Business Challenge Key Features Business Benefits
Section 1502 of the Dodd-Frank Act requires publicly traded US companies and certain other foreign companies must declare in their annual SEC filings whether they have Tantalum,
Tin, Gold or Tungsten (3TG) in their products, and if so whether these Conflict Minerals originate from mines fueling civil conflict in one of nine
covered countries in Africa . While SEC estimates that 6000 US companies will be directly required to file Conflict Minerals Report, the expected supply chain ripple will require as many as 12,000 US companies and potentially 195,000 companies to perform some level of supply chain analysis.
In response, Conflict Free Sourcing Initiative (CFSI) has taken a lead in defining the Conflict Minerals Reporting Template (CMRT) spreadsheet that companies should ask suppliers to fill out.
However, manual approaches to managing conflict minerals traceability creates tremendous inefficiencies, not to mention the potential risk for error.
- Managing Supplier Requests and Responses: Companies must track which suppliers have been asked to provide the Conflicts Minerals Reporting Template, how many have received the request, how many have responded and which responses are past due. When this is manually managed through e-mail and spreadsheets, tracking this information becomes difficult.
- Validating Supplier Responses: When suppliers respond with the CMRT spreadsheet, validating supplier response can be difficult. In our experience, 90% of templates have errors. One must validate that suppliers have responded to all mandatory questions and that the response is logically consistent. For example, a supplier should not specify Tungsten smelters if they declare that they have no Tungsten in their products.

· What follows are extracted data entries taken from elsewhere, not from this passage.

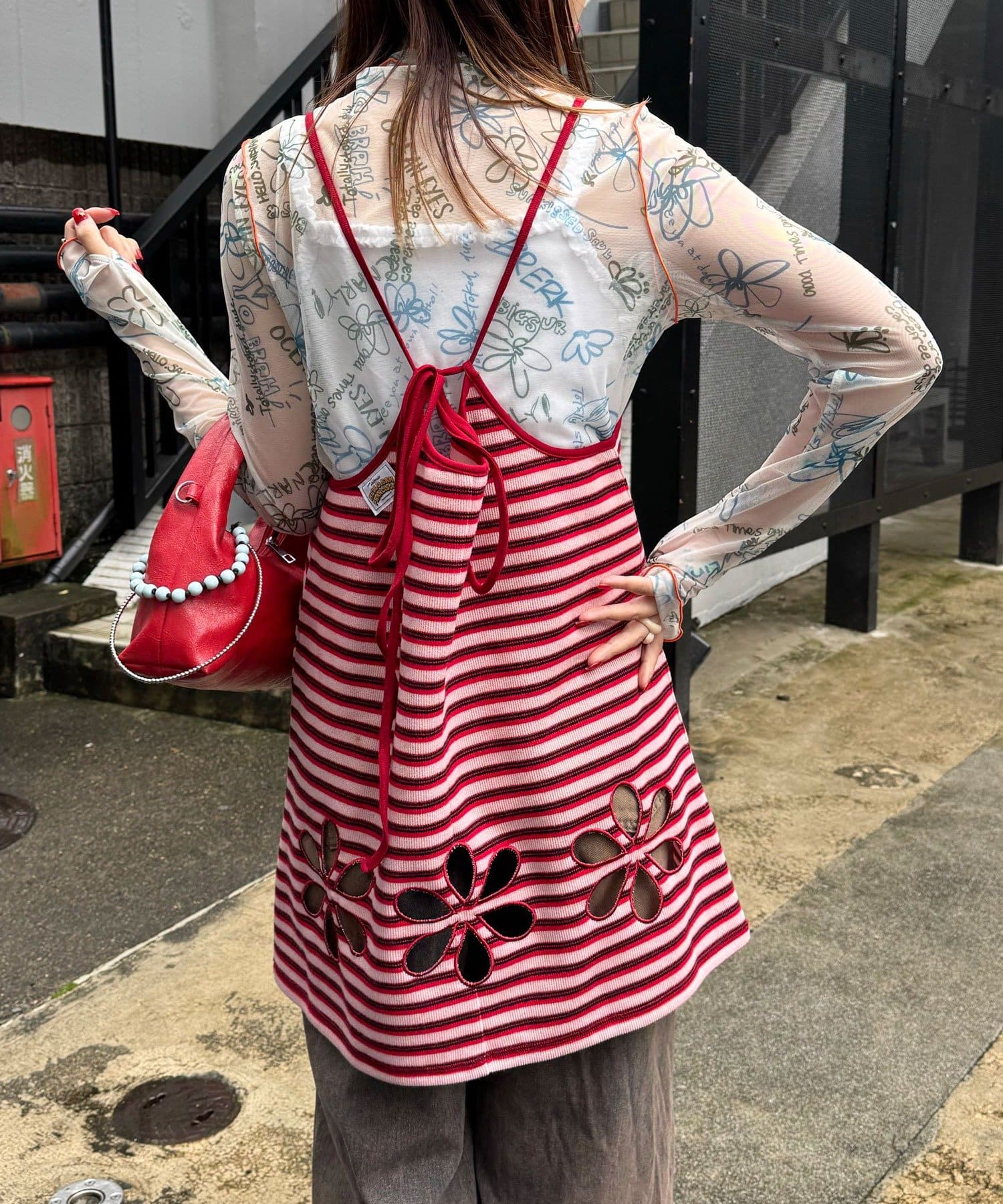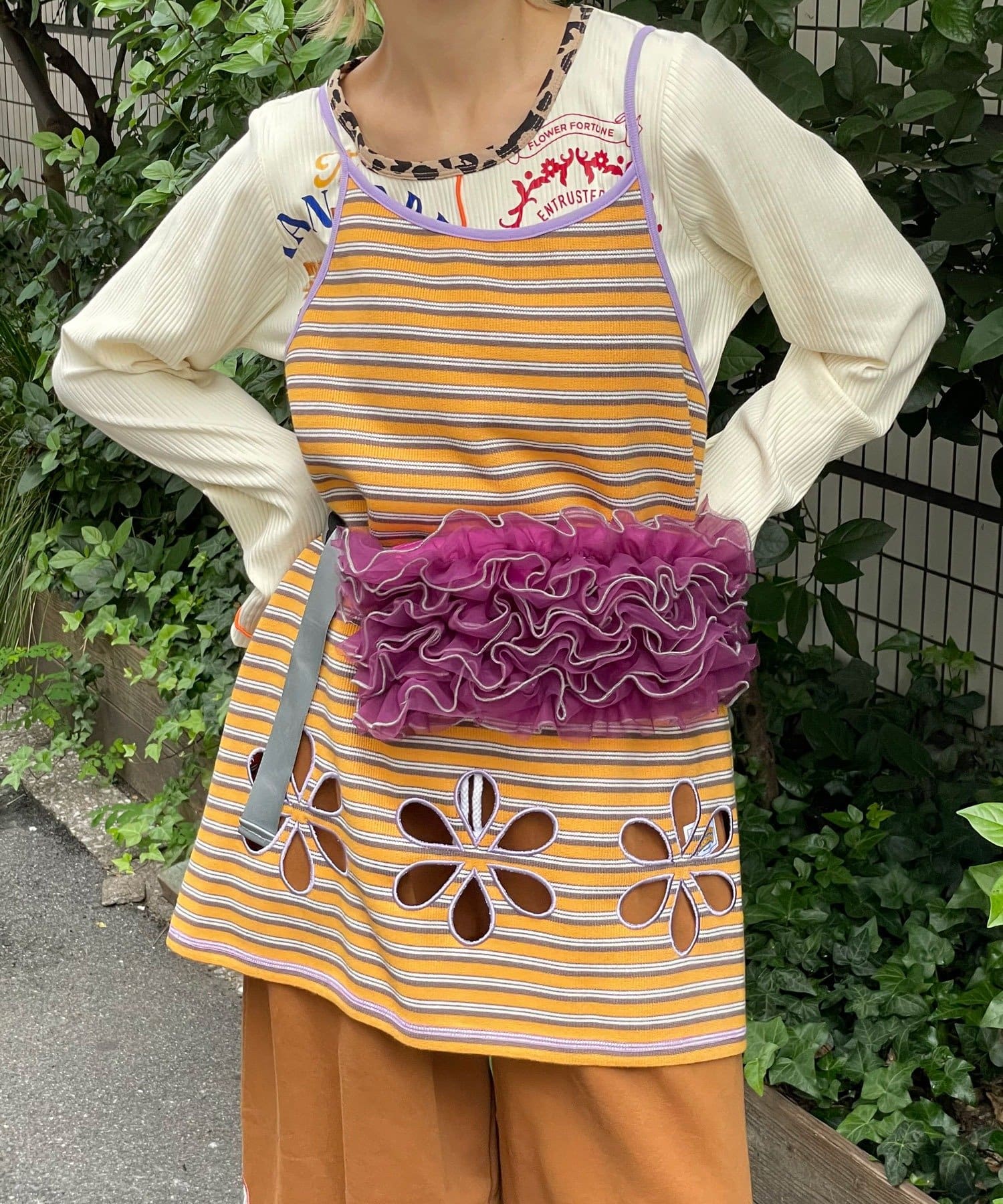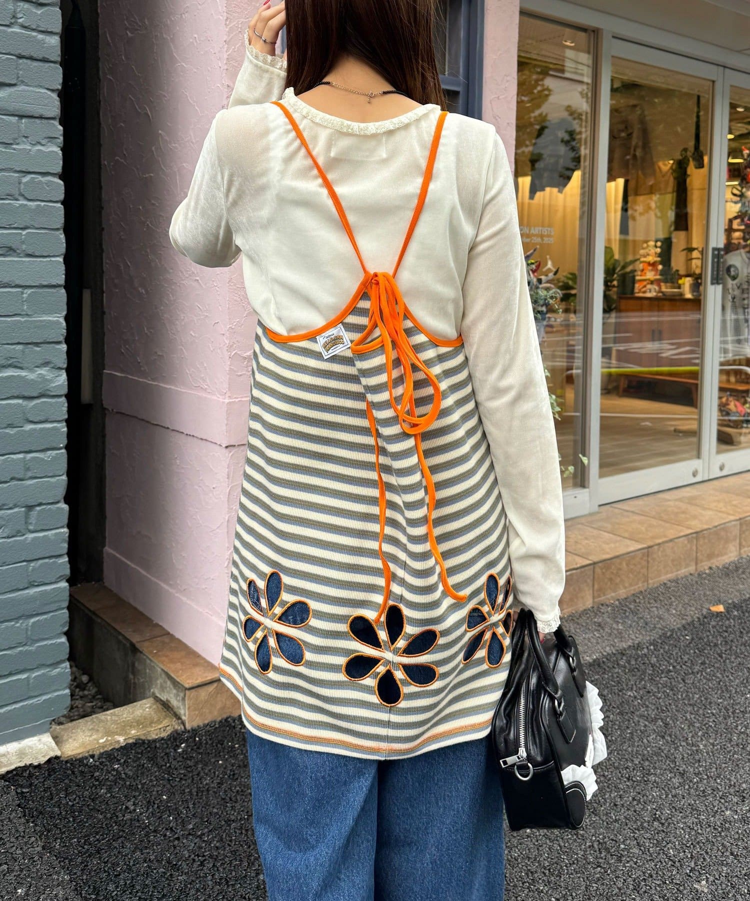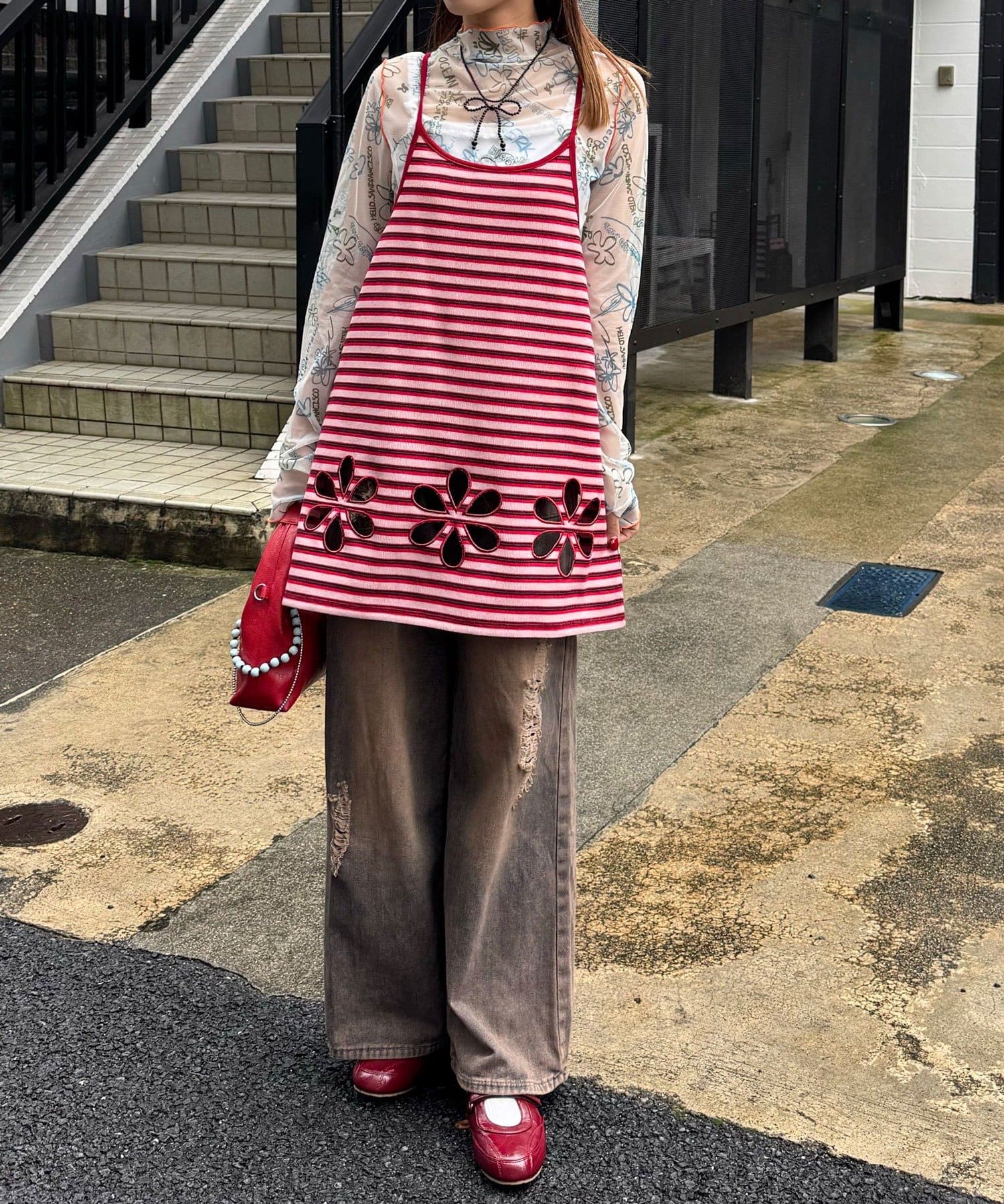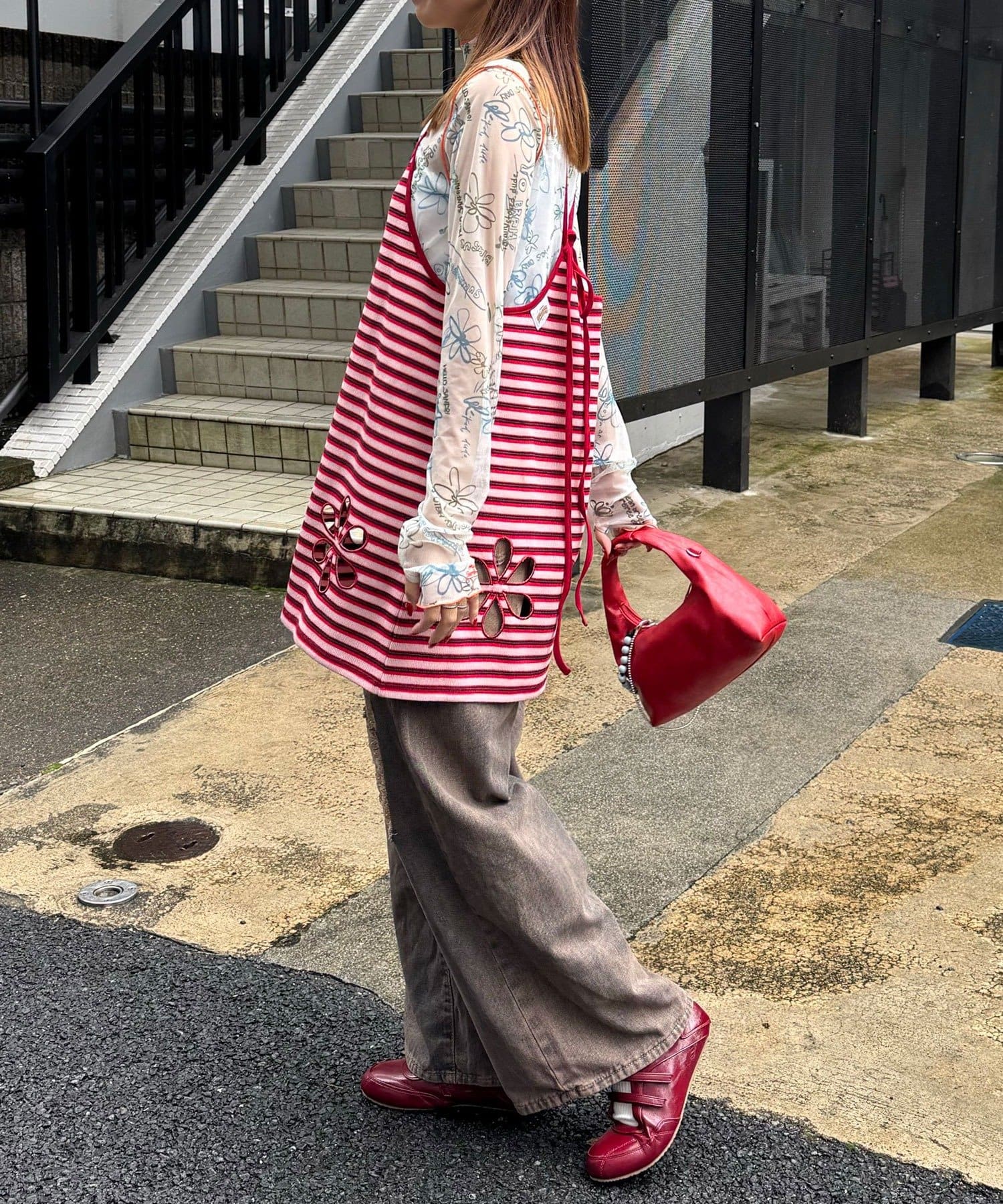 ボーダー柄キャミの裾にフラワーカットアウトをプラス。
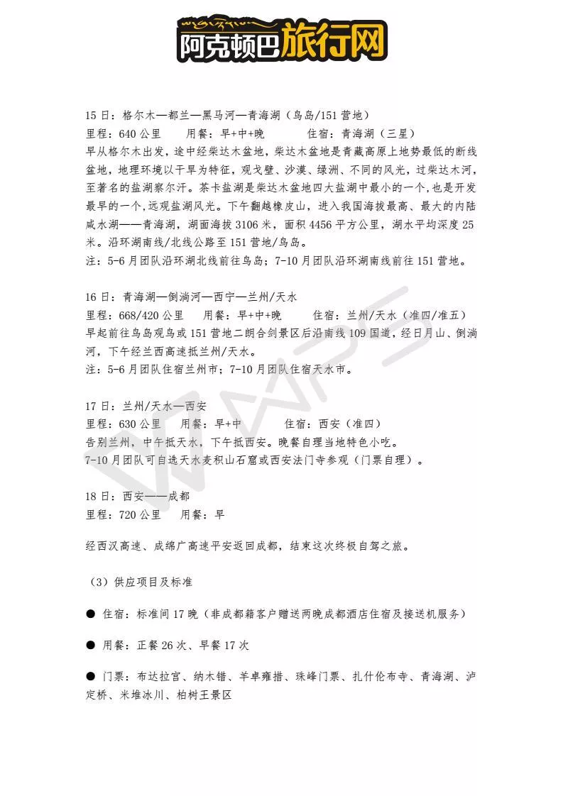 備注:前段10正餐6晚住宿。后段14正餐8晚住宿
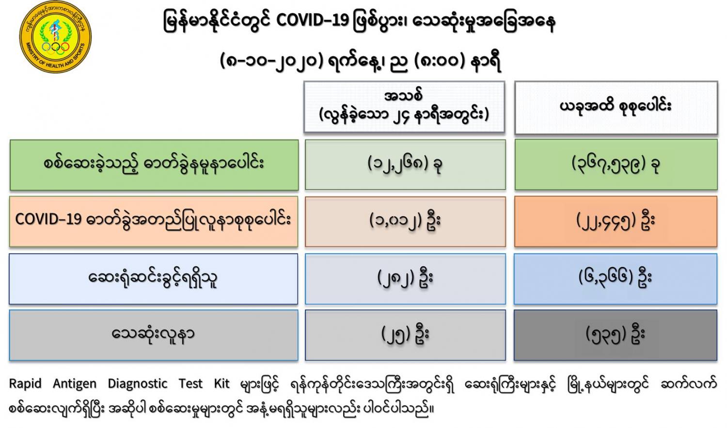 (၇-၁၀-၂၀၂၀) ရက်နေ့၊ ည (၈:၀၀)နာရီမှ (၈-၁၀-၂၀၂၀) ရက်နေ့၊ ည (၈:၀၀) နာရီ အတွင်းဓာတ်ခွဲနမူနာ စုစုပေါင်း (၁၂,၂၆၈)ခုအား စစ်ဆေးပြီးစီးခဲ့ရာ COVID-19 ရောဂါ ဓာတ်ခွဲ အတည်ပြု လူနာသစ် (၁,၀၁၂)ဦး တွေ့ရှိရပါသည်။
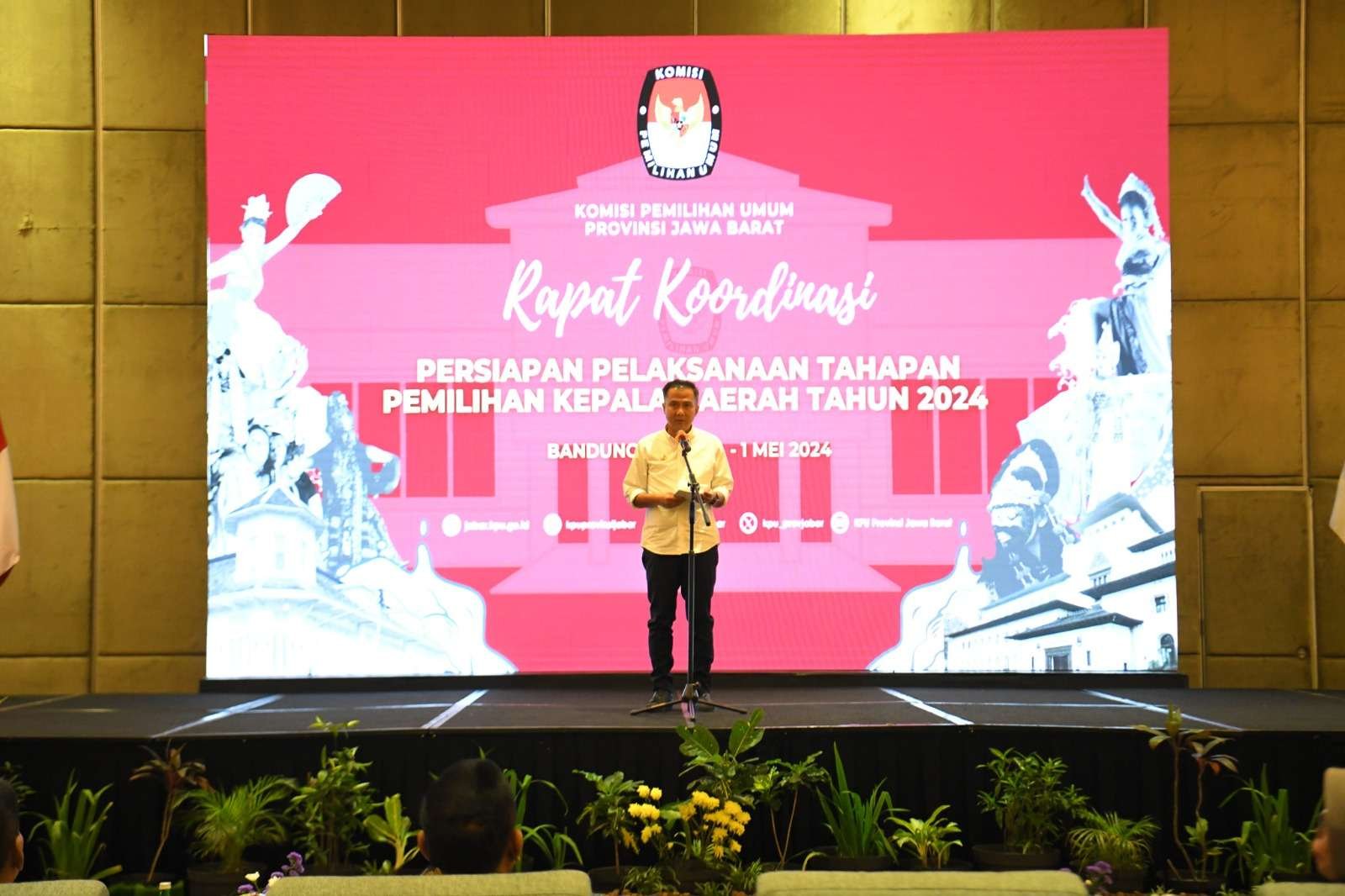KOTA BANDUNG, Idisi Online,- Penjabat Gubernur Jawa Barat Bey Machmudin menjadi narasumber dalam Rapat Pelaksanaan Tahapan Pemilihan Kepala Daerah (Pilkada) di Jabar Tahun 2024 bersama KPU Jabar di Hotel Harris, Kota Bandung, Selasa (30/4/2024).
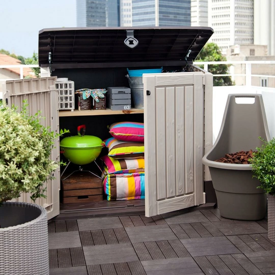 Ideal for interior and outdoor spaces, the best-selling Store-It-Out MIDI provides well-ventilated storage for up to 845 L/30 cu. ft. of items. Easy to take home and easy to position, it blends in with your home and is a breeze to assemble. Floor panel, top and front opening, and durable, weather-resistant construction comes as standard.
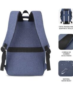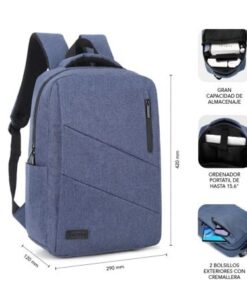 La mochila para portátil Subblim City Backpack de 15,6” resulta ‘imprescindible en todos tus viajes o desplazamientos. Facilita el ‘transporte de tu ordenador de forma segura gracias al exclusivo ‘compartimento acolchado así como los diferentes bolsillos para los ‘accesorios más utilizados y documentos. Su comodidad en el transporte ‘está asegurada gracias a sus correas para el hombro que distribuyen ‘uniformemente el peso en la espalda así como el asa de mano acolchada. ‘Con un diseño actual y funcional, ha sido fabricada con unos resistentes’ materiales que repelen el agua. Cuenta con un puerto externo de carga ‘USB para que puedas suministrar energía a tus dispositivos.

- Analysis and Reporting: Without proper analysis and roll-up tools, companies must manually collate supplier responses to sift for answers for their Conflict Minerals Report. Answering a simple question such as "How many suppliers have Tantalum in products and who are they" can require extensive manual work. Answering more complex questions such as "What is the unique list of non-certified smelters and which suppliers use them?" can be daunting.
- Building Expertise and Staffing RCOI/Due Diligence efforts: Companies are struggling to build expertise in Conflict Minerals and staffing resources that can reach out suppliers and more importantly make sense of their response and perform due diligence.
- Managing Supply Chain Changes: As your suppliers change and your supplier's suppliers change, it becomes clear that Conflict Minerals management is an on-going activity - not a one time exercise. E-mail and spreadsheet based methods start appearing even more inefficient and risk prone.